▶ [Data]
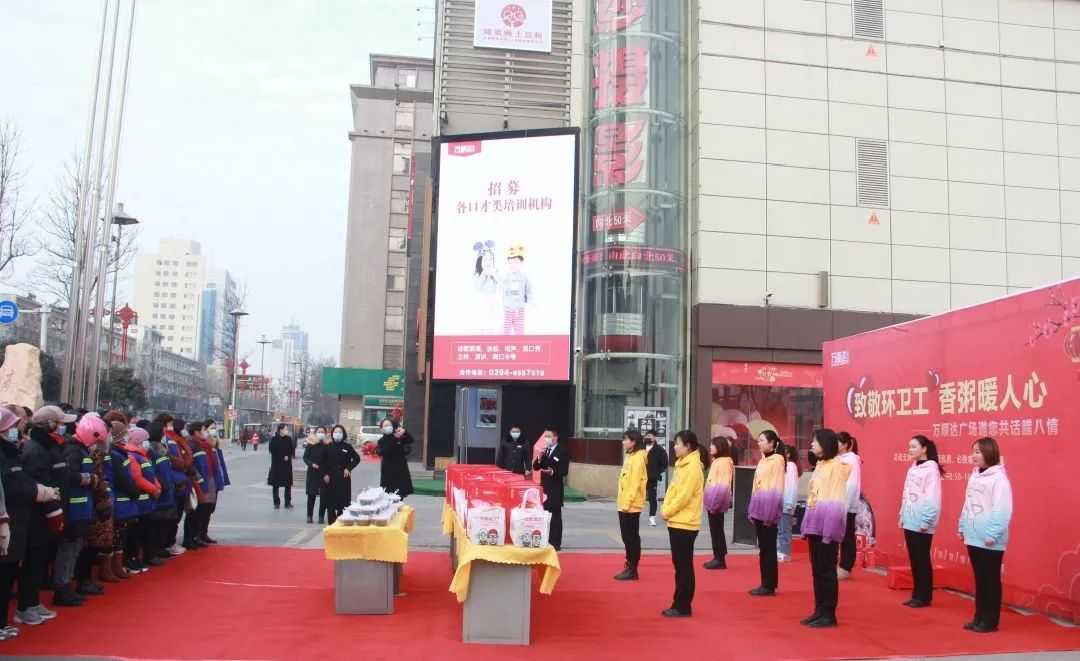 本次活動(dòng)的主題是“一碗臘八粥,溫暖一座城”。當(dāng)忙碌一陣后的環(huán)衛(wèi)工人來到萬順達(dá)廣場門前時(shí),萬順達(dá)廣場的工作人員一曲《好運(yùn)來》和《你笑起來真好看》,讓整日忙碌的做著重復(fù)而又枯燥工作的環(huán)衛(wèi)工人們臉上笑開了花。
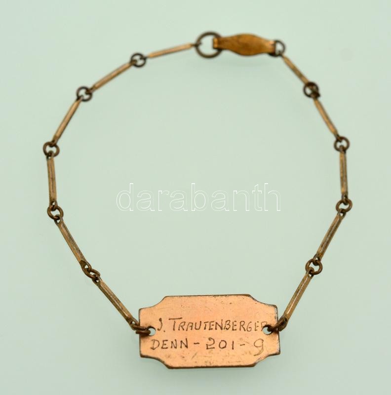 Kis fém karkötő, S. Trautenberger feliratú kis táblával, h: 18 cm https://www.darabanth.com/de/342-Fernauktion/342.0/Kunst-Dokumente-andere-Sammelgebiete/Flohmarkt~500012/Kis-fem-karkoto-S-Trautenberger-feliratu-kis-tablaval-h-18-cm~II1884272
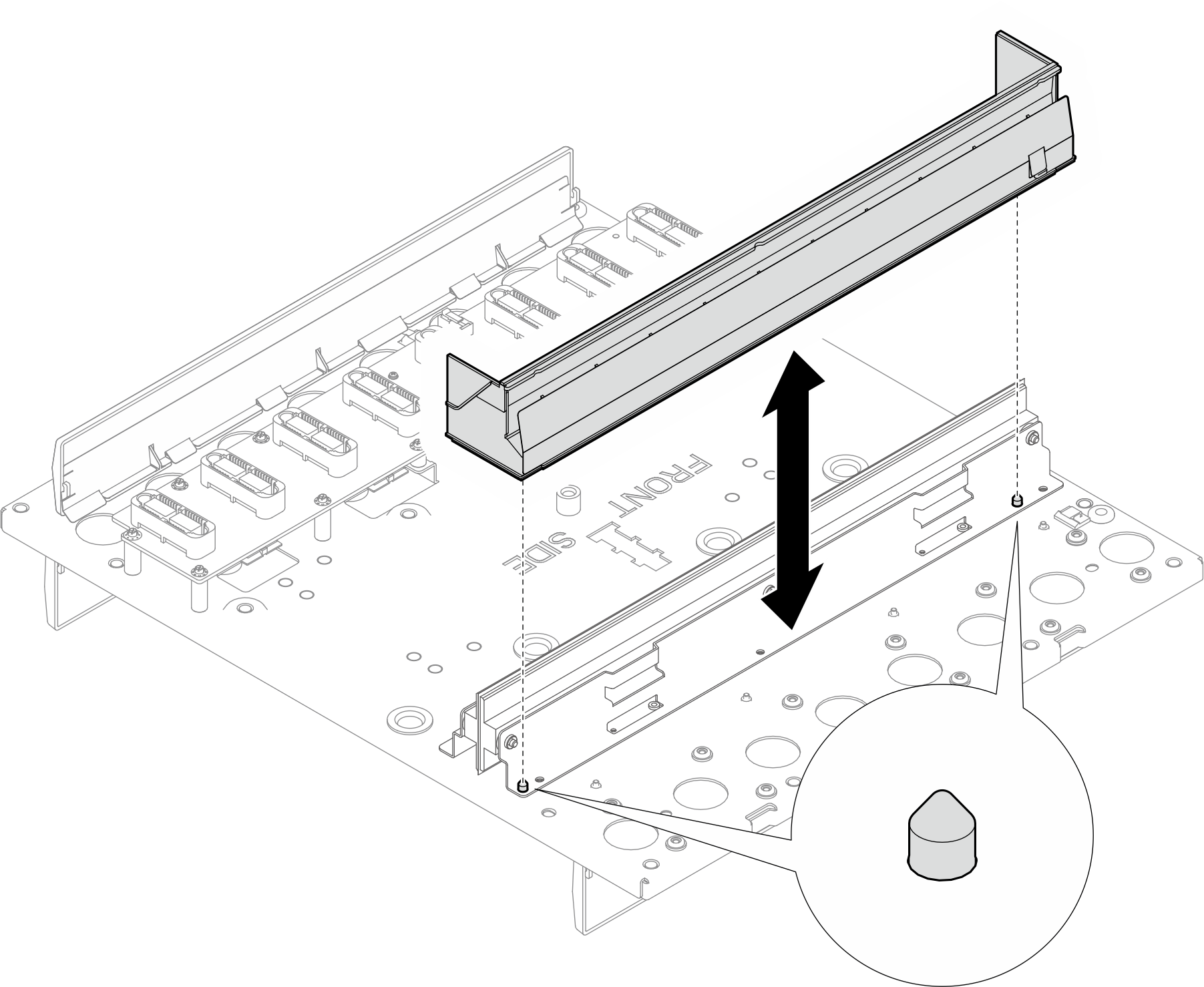 The bus bar cover is attached on top of the bus bar on the front side of the mid-plate assembly.
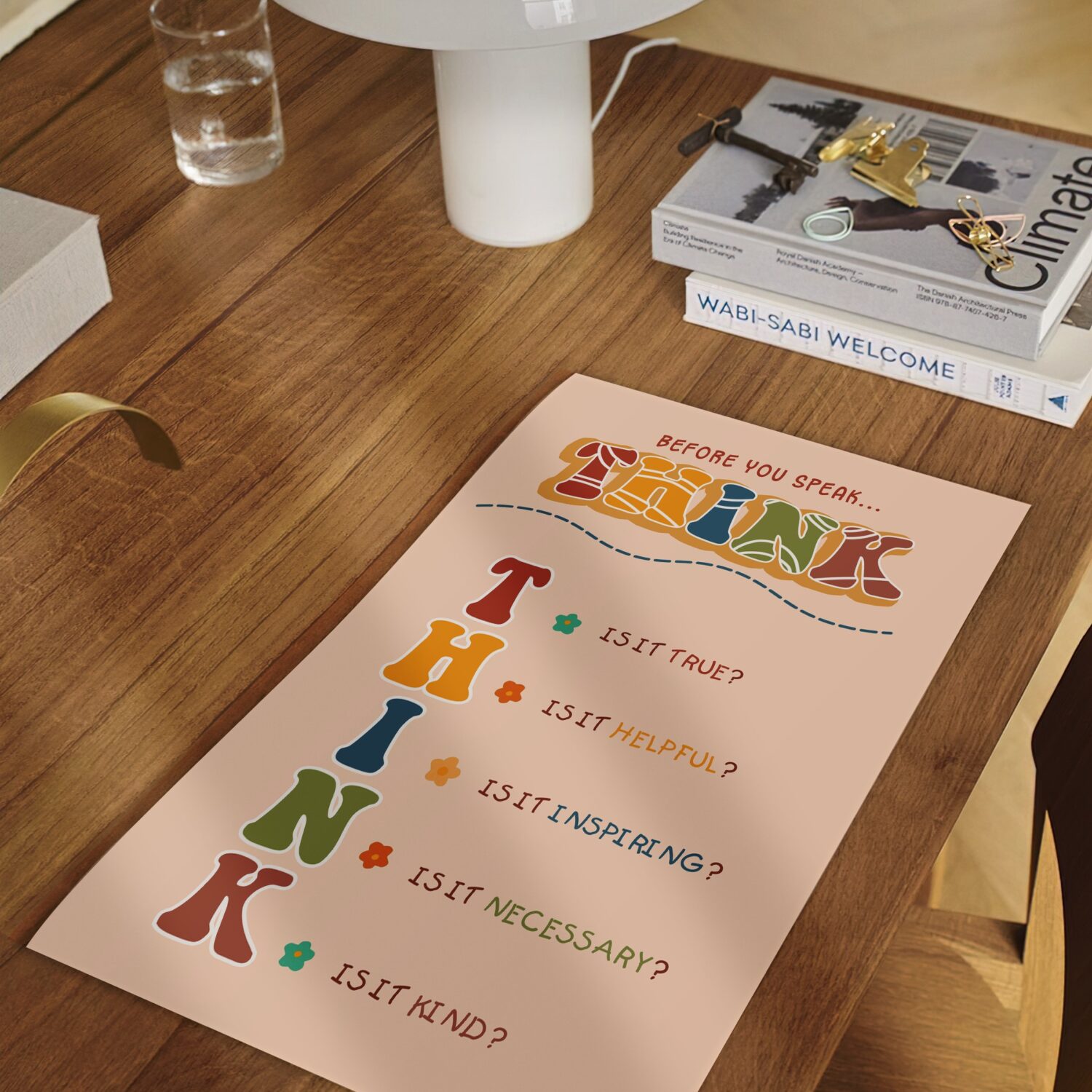Empower students and clients with a simple yet powerful reminder to speak with kindness and purpose. Download today and create a more mindful communication space.
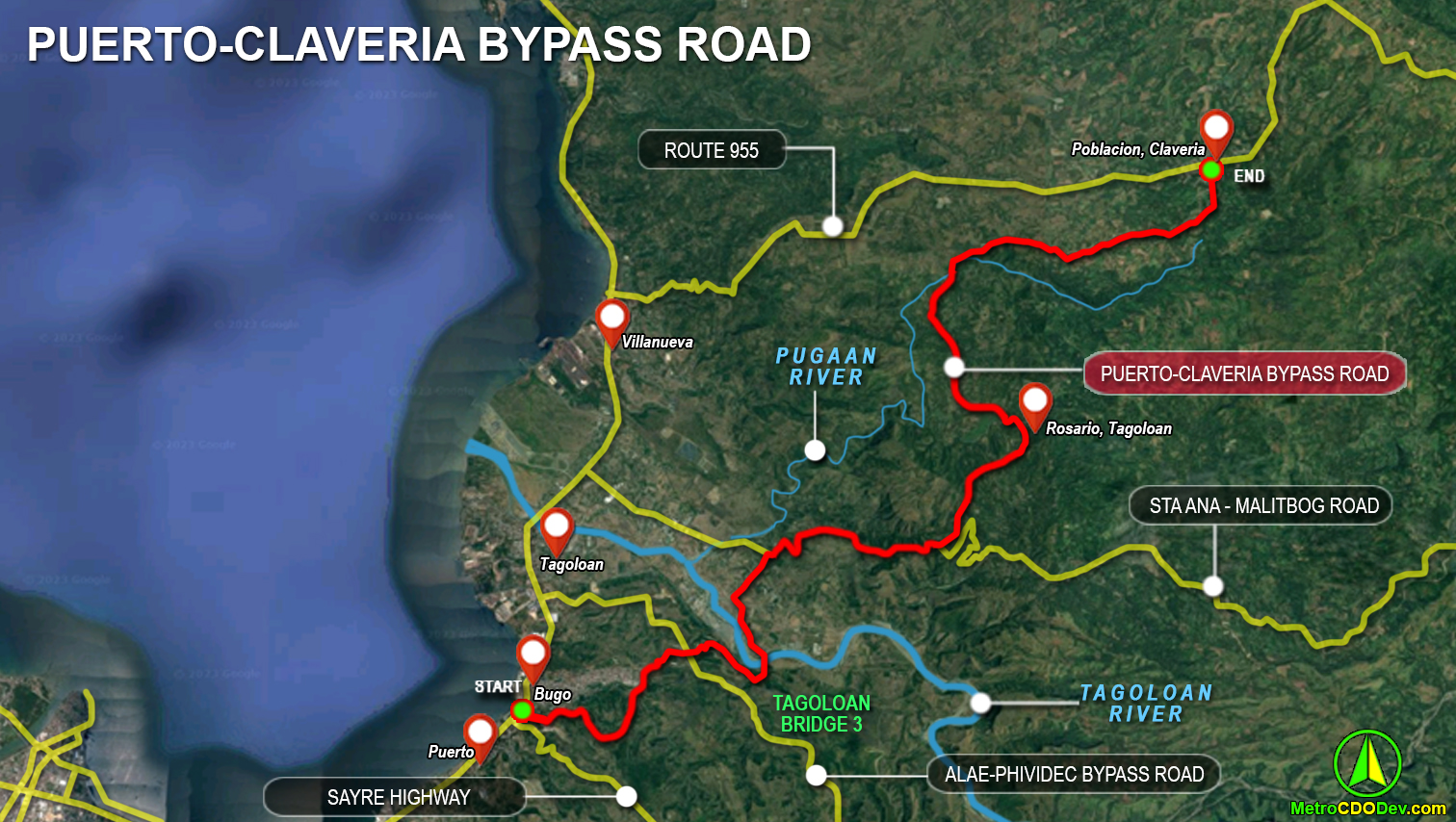 Shown below is the indicative alignment. From Brgy Puerto (National Highway), the road will traverse east towards Upper Bugo and pass at the back of Villa Trinitas Subdivision then goes northeast crossing Tagoloan River (via new Tagoloan Bridge 3) towards Brgy. Sta Ana (Tagoloan) and follows the Sta. Ana – Malitbog Road then turns north towards Brgy Rosario (Tagoloan) connecting to Brgy Punong in Claveria then northeast to Poblacion, Claveria. The Puerto-Claveria Road also traverses the Alae-Phividec Bypass Road.

▶ [Task to carry out] Set out the material once more, exact in every line, with no images.

▶ [Response for this exercise]
 本次活動(dòng)的主題是“一碗臘八粥,溫暖一座城”。當(dāng)忙碌一陣后的環(huán)衛(wèi)工人來到萬順達(dá)廣場門前時(shí),萬順達(dá)廣場的工作人員一曲《好運(yùn)來》和《你笑起來真好看》,讓整日忙碌的做著重復(fù)而又枯燥工作的環(huán)衛(wèi)工人們臉上笑開了花。
 Kis fém karkötő, S. Trautenberger feliratú kis táblával, h: 18 cm https://www.darabanth.com/de/342-Fernauktion/342.0/Kunst-Dokumente-andere-Sammelgebiete/Flohmarkt~500012/Kis-fem-karkoto-S-Trautenberger-feliratu-kis-tablaval-h-18-cm~II1884272
 The bus bar cover is attached on top of the bus bar on the front side of the mid-plate assembly.
Empower students and clients with a simple yet powerful reminder to speak with kindness and purpose. Download today and create a more mindful communication space.
 Shown below is the indicative alignment. From Brgy Puerto (National Highway), the road will traverse east towards Upper Bugo and pass at the back of Villa Trinitas Subdivision then goes northeast crossing Tagoloan River (via new Tagoloan Bridge 3) towards Brgy. Sta Ana (Tagoloan) and follows the Sta. Ana – Malitbog Road then turns north towards Brgy Rosario (Tagoloan) connecting to Brgy Punong in Claveria then northeast to Poblacion, Claveria. The Puerto-Claveria Road also traverses the Alae-Phividec Bypass Road.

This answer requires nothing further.